|AVS 55th International Symposium & Exhibition|
|BioMEMS Topical Conference||Tuesday Sessions|
|Session:||MEMS/NEMS for Biology and Medicine|
|Presenter:||S. Barker, System Planning Corporation|
|Authors:||D. Polla, Defense Advanced Research Projects Agency
S. Barker, System Planning Corporation
|Correspondent:||Click to Email|
Considerable progress has been made over the last 15 years in realizing a great variety of BioMEMS devices and systems.
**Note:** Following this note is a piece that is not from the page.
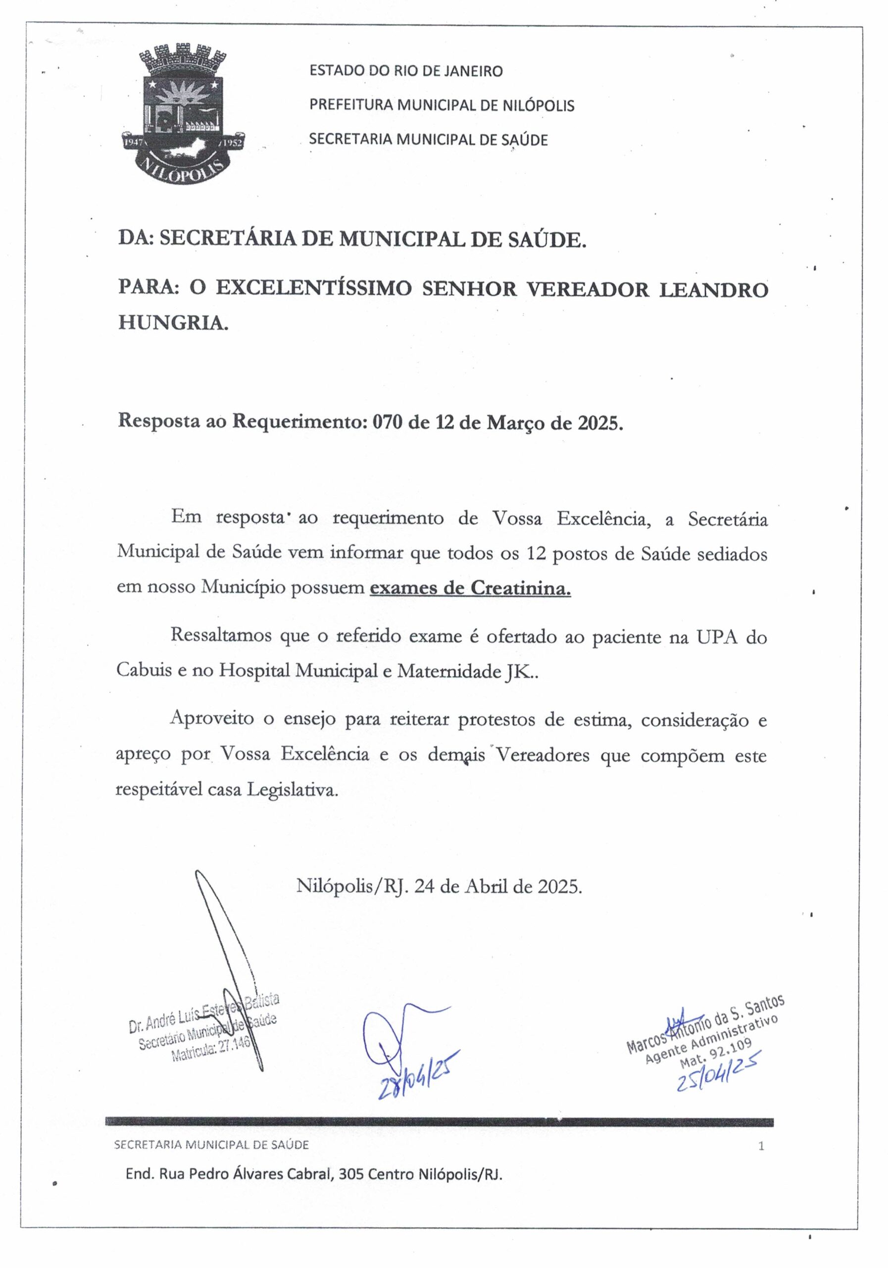 - 70 – EXAME DE CREATININA NOS POSTOS DE SAÚDE
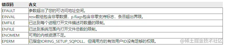 成功时返回新的文件描述符。然后,应用程序可以在随后的mmap系统调用中提供文件描述符,以映射提交队列(submission queues)和完成队列(completion queues),或者传给io_uring_register() / io_uring_enter()系统调用。

The field of BioMEMS can be approximately subdivided into three categories: (1) bioanalytical systems, (2), surgical systems, and (3) therapeutic systems. All three areas have numerous commercial and defense applications, but in many cases progress is inhibited by fundamental scientific and technological challenges. This paper presents the authors’ perspective on the top 10 challenges facing BioMEMS today. Bioanalytical systems, which are also commonly referred to as “lab-on-a chip,” have not realized their full potential for numerous reasons: (1) Autonomous sample processing with minimal human intervention has yet to be achieved. (2) Sample clean-up and pre-processing pose significant challenges that often limit the performance of a bioassay. (3) The ability to take a biological sample and obtain a result or set of results is still a long process, often taking several hours; obtaining a microfluidics-based PCR bioassay result in less than one minute persists as a grand challenge for the BioMEMS community. (4) The development of size-scaled microinstruments for bioanalysis presents an enormous opportunity toward the realization of remote site-derived information that can be conveniently communicated to a physician’s office and correlated with a patient’s stored medical record. The potential of surgical MEMS has often meant “micro-invasive” surgery that provides significant benefit to the patient. (5) But non-invasive surgery enabled by MEMS has the potential for providing even better patient outcomes. (6) Both sensors and actuators with the capability for more accurately and more reliably reproducing the skill of a surgeon’s hands still need to be realized. (7) Developments that enable in vivo imaging of cells and organs using MEMS devices may also play an important role in enabling more effective precision surgeries. Therapeutic systems based on MEMS technology have yet to be made smart. (8) This means effectively integrating sensors, electronics, and actuators in a controlled feedback system designed to provide therapy only when the body needs it. These systems are often implantable and are limited by (9) battery size and lifetime. And finally, (10) neural prosthesis represents an exciting new domain where MEMS may provide an effective interface between nerves and electronics.